Because I am obviously biased — I had my mind set on a different player even before the Sharks made the selection — I leveraged an objective source to compare Dickinson to those who have come before him as a gut check against my own manual close reading.
I asked the LLM Claude to analyze scouting reports from elite shutdown defensemen (in their primes, anyway) like Hampus Lindholm, Colton Parayko, Adam Pelech, MacKenzie Weegar, and Adam Larsson. I then asked Claude to compare Dickinson’s scouting reports to those of his predecessors.
The LLM thinks Dickinson’s scouting reports are an 8/10 in terms of how similar they are to the NHL stars. I also asked Claude to do a phrase analysis, to see what sort of superlatives are present in both descriptions of shutdown NHLers and Dickinson’s reports.
“Earlier Text” = NHLers. “New Text” = Dickinson.
Claude sees little discussion of Dickinson’s transition play, and more emphasis on decision making and hockey sense/IQ for the existing NHLers. Still, our amateur scout extraordinaire thinks Dickinson looks like a future NHL shutdown defenseman.

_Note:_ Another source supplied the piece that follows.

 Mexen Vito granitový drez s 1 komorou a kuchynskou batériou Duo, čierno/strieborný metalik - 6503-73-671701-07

With post-draft clarity, I can see a better-illuminated pathway to NHL dominance for the large blueliner. Still, whether Dickinson turns into Chris Tanev or Filip Broberg will depend on whether the most optimistic assessments of Dickinson’s offense, IQ and transition game are correct. That Dickinson will be an NHLer isn’t foregone, but it’s highly likely, no matter how much of that fact may be due to existing NHL decisionmaker biases.

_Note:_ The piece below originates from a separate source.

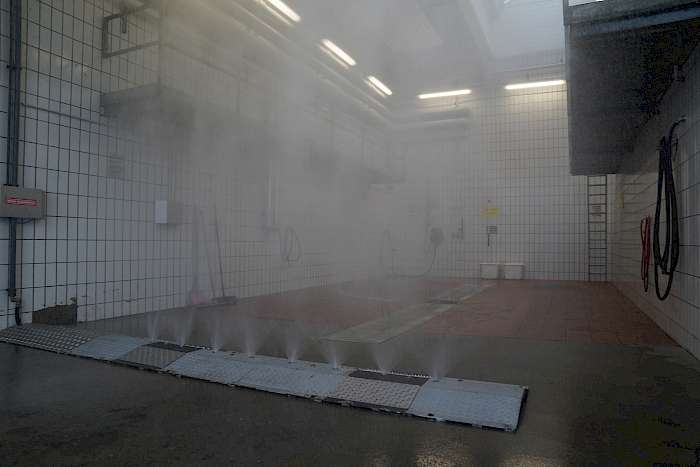 Dirk Gippert hat sich daher mit den Reinigungsspezialisten der Firma Meier-Brakenberg zusammengesetzt, um gemeinsam nach einer kostengünstigen Lösung zu suchen. Das Unternehmen aus dem westfälischen Extertal ist vor allem mit Reinigungs- und Desinfektionstechnik für tierhaltende Agrarbetriebe am Markt, die Reinigungsanlagen werden aber auch in anderen Branchen häufig genutzt. Die Zusammenarbeit trug schnell Früchte. Innerhalb weniger Wochen wurde eine Unterfluranlage realisiert. Sie besteht aus einer Überfahrschwelle mit integrierten Waschdüsen, die über eine Hochdruckpumpe mit Wasser versorgt werden.
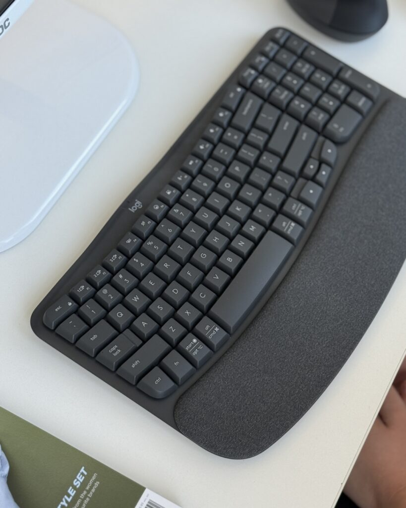 What first caught my attention was how thoughtfully designed these tools are. The Wave Keys keyboard, with its subtly wave-like shape and soft-touch keys, feels incredibly considered. Unlike the flat, rigid keyboard on my laptop, this one guides my hands into a more natural position, complete with a built-in palm rest that makes long writing sessions far more bearable. As a fashion girl with a keen eye for aesthetics (I consider minimalist stationery and the Paris Georgia ‘Career Girl’ t-shirt the height of office fashion), I was also pleasantly surprised by how seamlessly it fit into my desk set-up.

But if you’re picking at 11 and hoping for someone to anchor your defense core for six or seven years, I’d think you’d opt for a profile with fewer question marks. Or at least a profile that, if it hits, might be another Cale Makar or close to it.
So, even despite Claude’s insistence that Dickinson is on his way to the upper echelon of shutdown defenders, I have my doubts. These doubts are why I wasn’t excited about the selection when it happened and why I will remain skeptical until we see him start to answer some of the questions scouts had about his profile.
Nice write up, as always , EF. I have to say I had a bias towards Dickinson, just never thought he would get to 14 or 11 for that matter for the Sharks to select him. But he was the prospect I wanted. Mainly because of all the traits and tools he is starting with.
He might not be the wizard offensively like Karlsson is/was… but in constructing this new era of Sharks, he shouldn’t need to be. That is ideally what Macklin and Will are for. Dickinson feels like a championship player. Just like when comparing Macklin to Bedard, everyone says Bedard’s offense… the offense… the offense. But when talking about Macklin they all say this is a championship player.
It’s also interesting listening to Sheng Peng post draft and he said some scouts are worried that Buium’s defensive game might not improve and some just feel like he has NO defensive game. Just interesting all around.